=== Record set ===
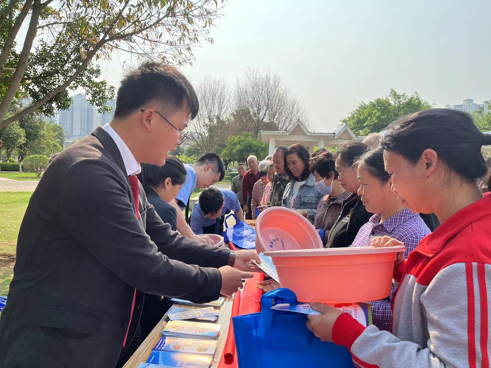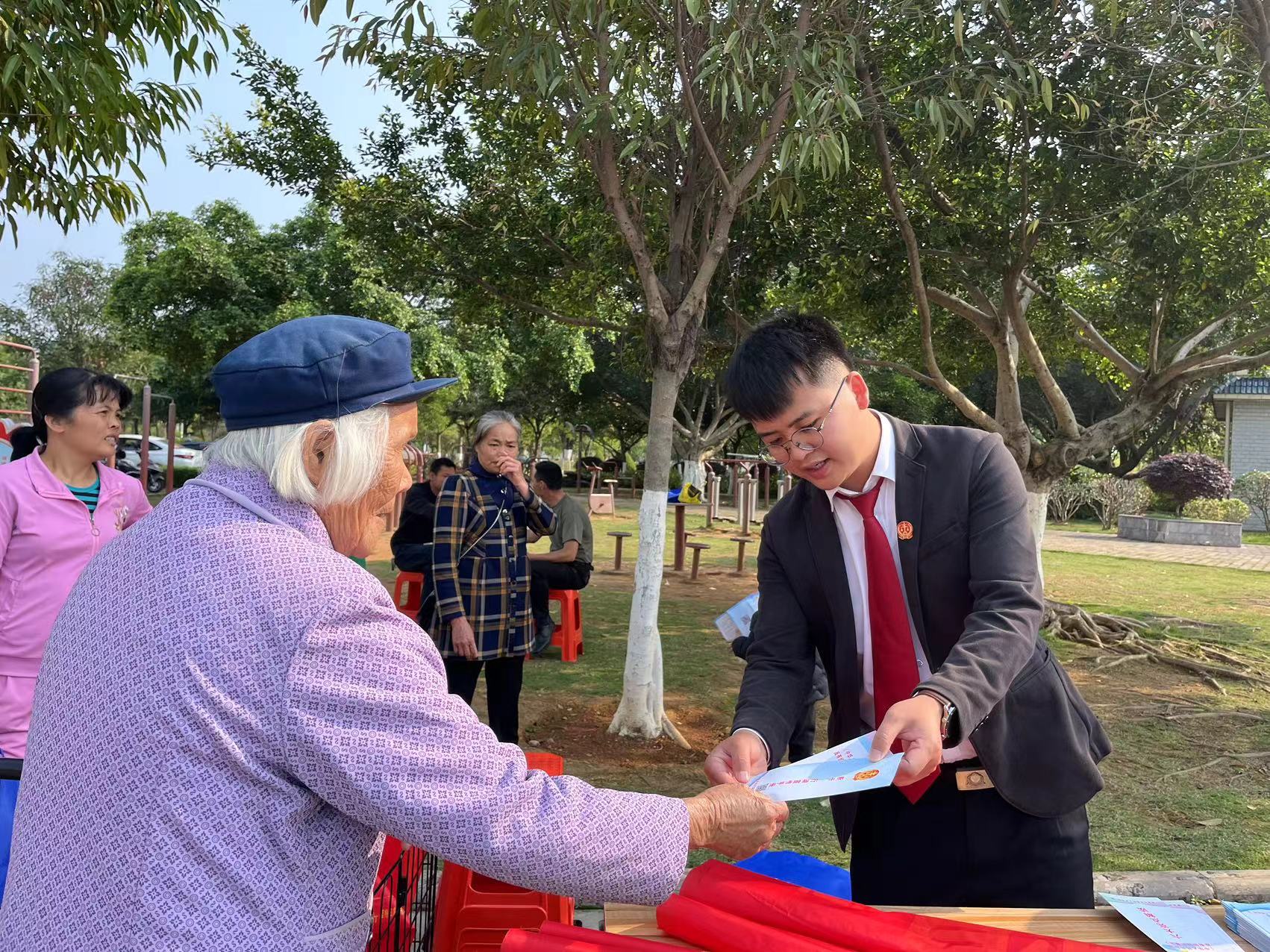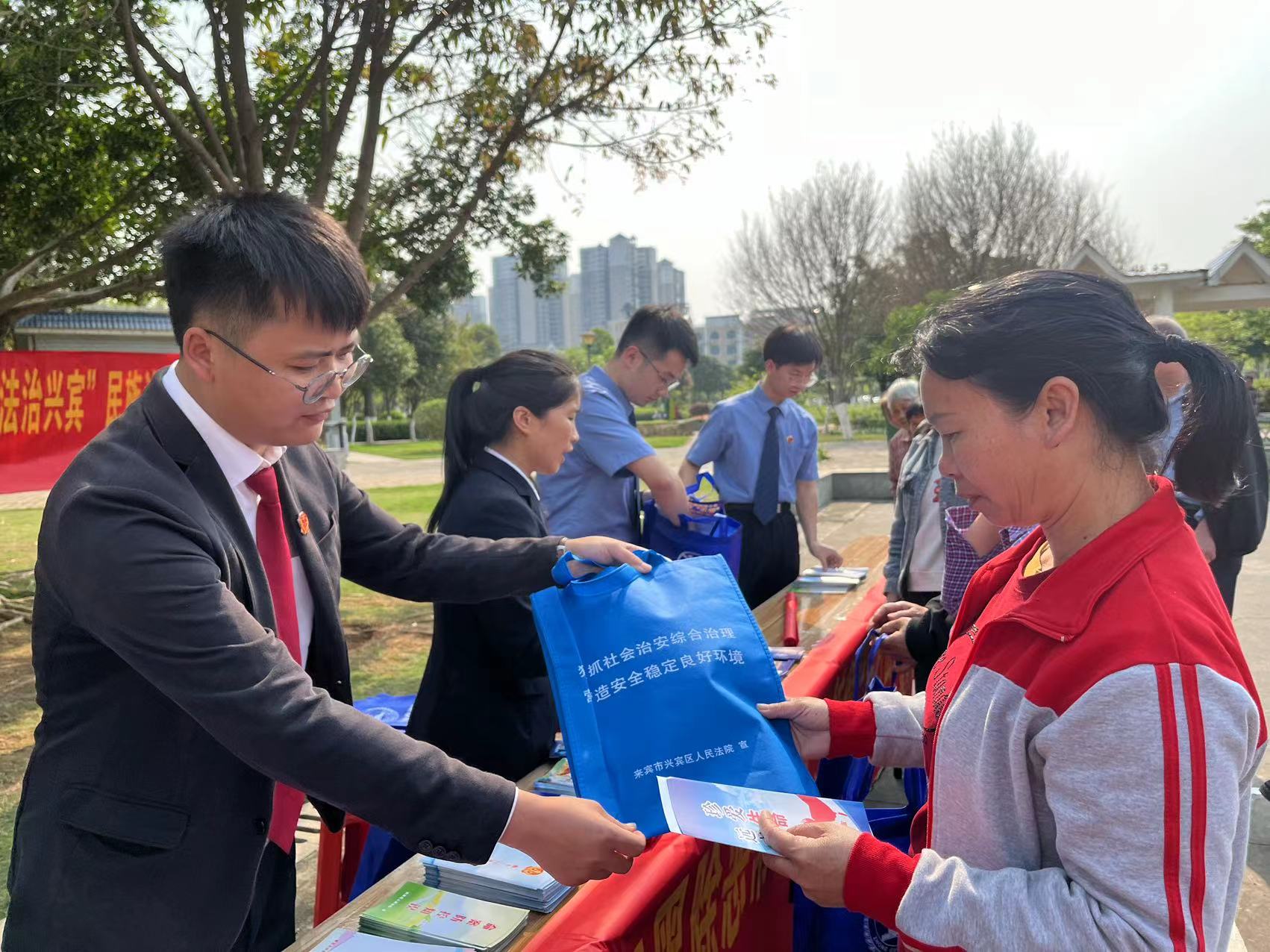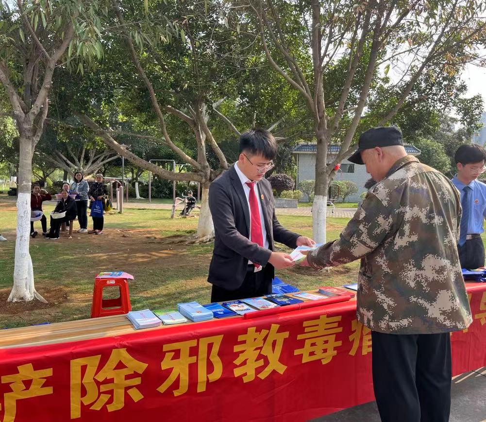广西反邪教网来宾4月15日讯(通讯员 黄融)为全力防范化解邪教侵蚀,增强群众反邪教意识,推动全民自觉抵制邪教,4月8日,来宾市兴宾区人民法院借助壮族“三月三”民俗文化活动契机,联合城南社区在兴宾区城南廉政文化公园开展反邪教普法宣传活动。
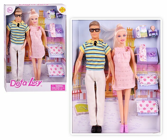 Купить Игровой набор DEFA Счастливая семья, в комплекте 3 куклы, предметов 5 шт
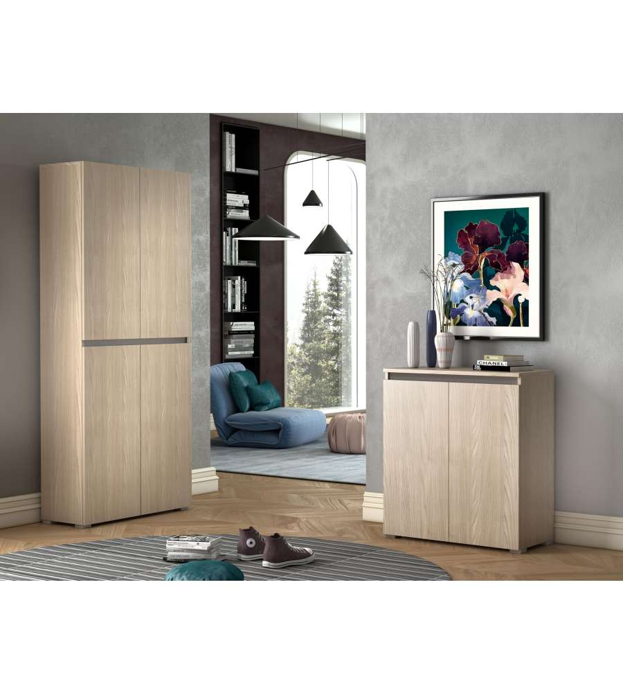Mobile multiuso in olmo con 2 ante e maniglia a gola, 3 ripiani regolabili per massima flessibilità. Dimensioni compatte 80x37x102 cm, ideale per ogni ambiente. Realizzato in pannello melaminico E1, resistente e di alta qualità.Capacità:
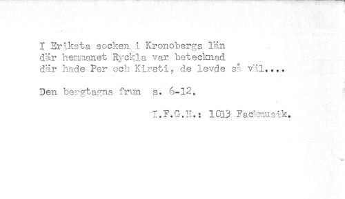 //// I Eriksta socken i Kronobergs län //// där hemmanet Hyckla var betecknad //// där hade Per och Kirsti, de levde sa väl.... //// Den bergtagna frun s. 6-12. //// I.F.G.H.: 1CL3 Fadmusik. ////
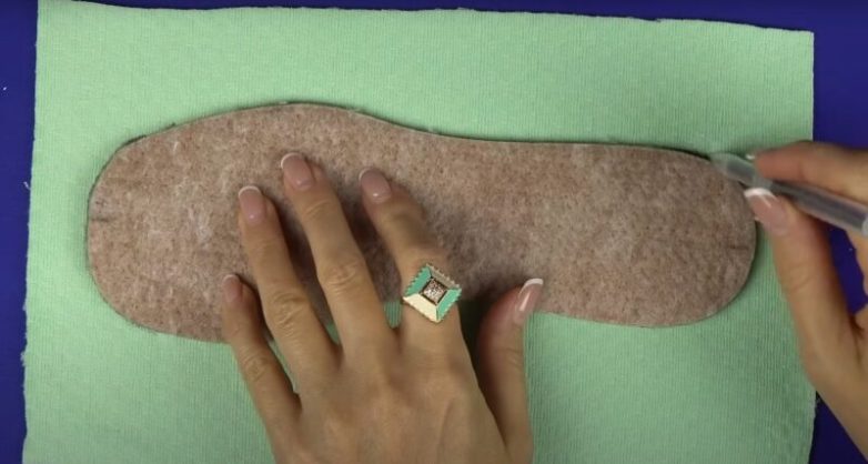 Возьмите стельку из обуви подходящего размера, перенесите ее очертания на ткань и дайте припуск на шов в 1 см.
===
**Task to carry out:** The expected output is every line of the data, unchanged, with the pictures skipped.

**Result of this exercise:**
广西反邪教网来宾4月15日讯(通讯员 黄融)为全力防范化解邪教侵蚀,增强群众反邪教意识,推动全民自觉抵制邪教,4月8日,来宾市兴宾区人民法院借助壮族“三月三”民俗文化活动契机,联合城南社区在兴宾区城南廉政文化公园开展反邪教普法宣传活动。
 Купить Игровой набор DEFA Счастливая семья, в комплекте 3 куклы, предметов 5 шт
Mobile multiuso in olmo con 2 ante e maniglia a gola, 3 ripiani regolabili per massima flessibilità. Dimensioni compatte 80x37x102 cm, ideale per ogni ambiente. Realizzato in pannello melaminico E1, resistente e di alta qualità.Capacità:
 //// I Eriksta socken i Kronobergs län //// där hemmanet Hyckla var betecknad //// där hade Per och Kirsti, de levde sa väl.... //// Den bergtagna frun s. 6-12. //// I.F.G.H.: 1CL3 Fadmusik. ////
 Возьмите стельку из обуви подходящего размера, перенесите ее очертания на ткань и дайте припуск на шов в 1 см.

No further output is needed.